Alex, who showed up broken and angry and turned out to be exactly what my brother needed.
Gabriel, who shits on people's chests and eats remotes and is the most perfect thing I've ever seen.
I want this for myself someday. I don't say it out loud because it doesn't fit the image—the fun one, the fuckboy, the guy who keeps it casual.
But I do. I want someone who looks at me the way Alex looks at Devon when he thinks nobody's watching.
I want the mess and the noise and the kid who destroys my apartment.
"I gotta go," Devon says. "Gabe needs lunch and Alex is on a call. But Ray? Just... be smart about the conference, okay?"
"I will."
"And don't fall for your boss."
"Goodbye, Devon."
He laughs and hangs up, and I stand there for another minute with my phone in my hand, the cold air biting at my ears. I should go back inside. I've got a stack of files to organize and a conference to prep for and a boss who will one hundred percent notice if I take a long lunch.
The thing Devon doesn't get—the thing nobody gets, really—is that I'm not pretending with Miles.
I'm not playing dumb or being lazy or coasting on charm the way I do with everyone else.
I actually try with him. I stay late organizing his files the way he likes them.
I learned the Morrison case backwards and forwards because it matters to him, and I wanted to be useful, and when I said that thing about the AV setup today, it wasn't some spontaneous burst of genius.

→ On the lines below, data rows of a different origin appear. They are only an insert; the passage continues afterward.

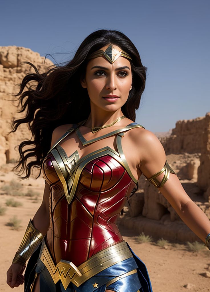 Middle-Eastern SuperHero Woman with the warrior spirit of Wonder Woman, in a heroic stance with a lasso.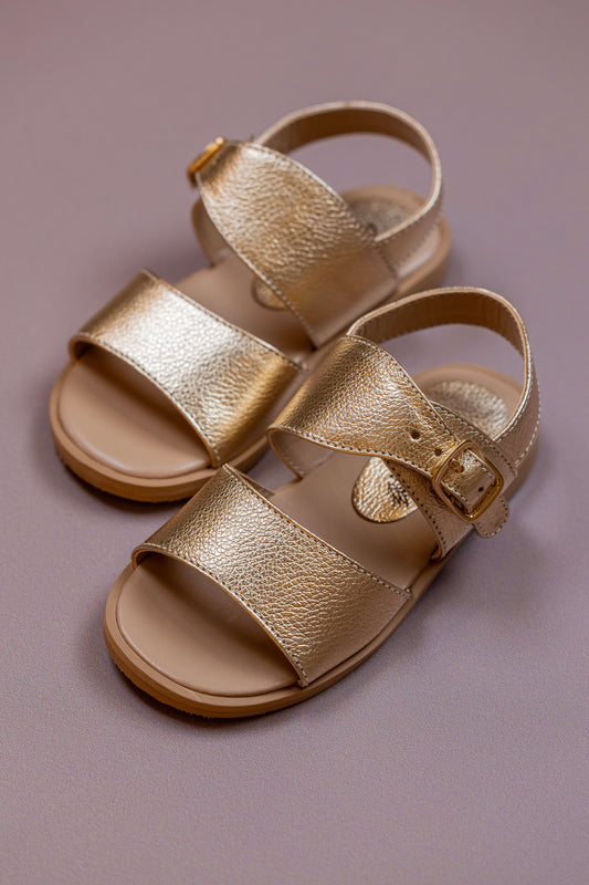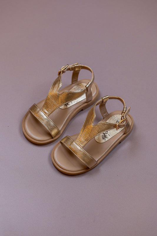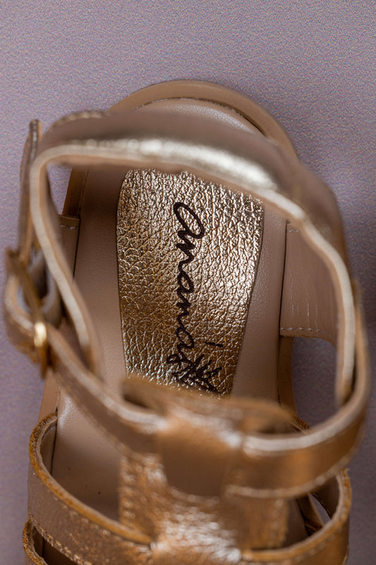 Sandália Infantil Ananás Manu Couro Metalizado Ouro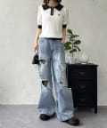 コンパクトな着丈なので、トレンドのハイウエストボトムスとの相性も抜群です。タックインしてもウエスト周りがもたつかず、すっきりとした印象で着こなせます。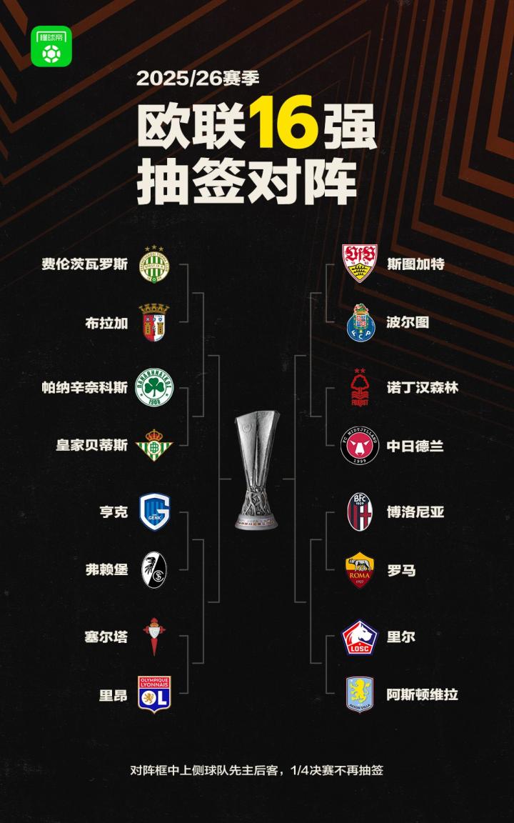 扫描下载懂球帝首页>动态> 欧联淘汰赛16强对阵:维拉vs里尔,罗马博洛尼亚意甲内战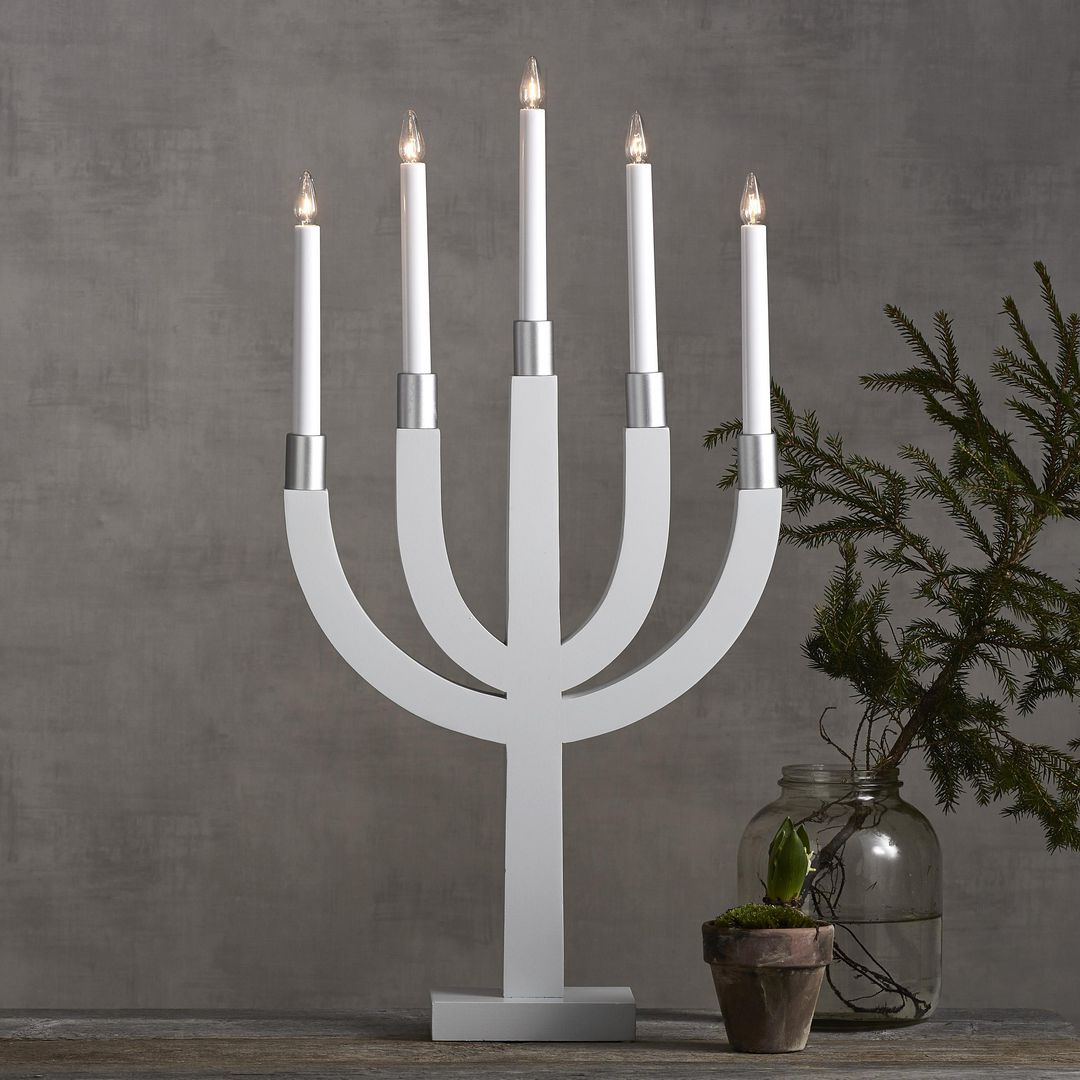 Star Trading Elljusstake 5 ljus Trä Vit 35x67cm

I'd been thinking about it for a week. I just waited for the right moment because I knew he'd dismiss it if I brought it up over email.
He still called me adequate. But he didn't say no. Richard Aldridge is sending me to a mountain resort with him, which means someone in that room thought I was worth something, even if Miles would rather chew glass than admit it.
I push off the wall and head for the entrance. The building swallows me back into its fluorescent lights and recycled air, and I take the elevator up and walk down the hall toward my desk, which means walking past Miles's office.
His door is open. He's at his desk, one hand wrapped around his coffee mug—the one I left for him this morning that he apparently did drink, because it's empty now—and the other scrolling through something on his screen.
He hasn't noticed me yet, and I let myself look for a second.
Just a second. His jaw is set, and that line between his eyebrows is still there, and his blond hair has come slightly loose from wherever he usually keeps it slicked back.
He looks tired and precise and kind of beautiful, in a way that's got nothing to do with any of the uncomplicated, fun things I'm used to wanting.
Devon's voice echoes in my head. Don't fall for your boss.
Yeah. I should probably work on that.
I keep walking, but I'm smiling, and I can't really make myself stop.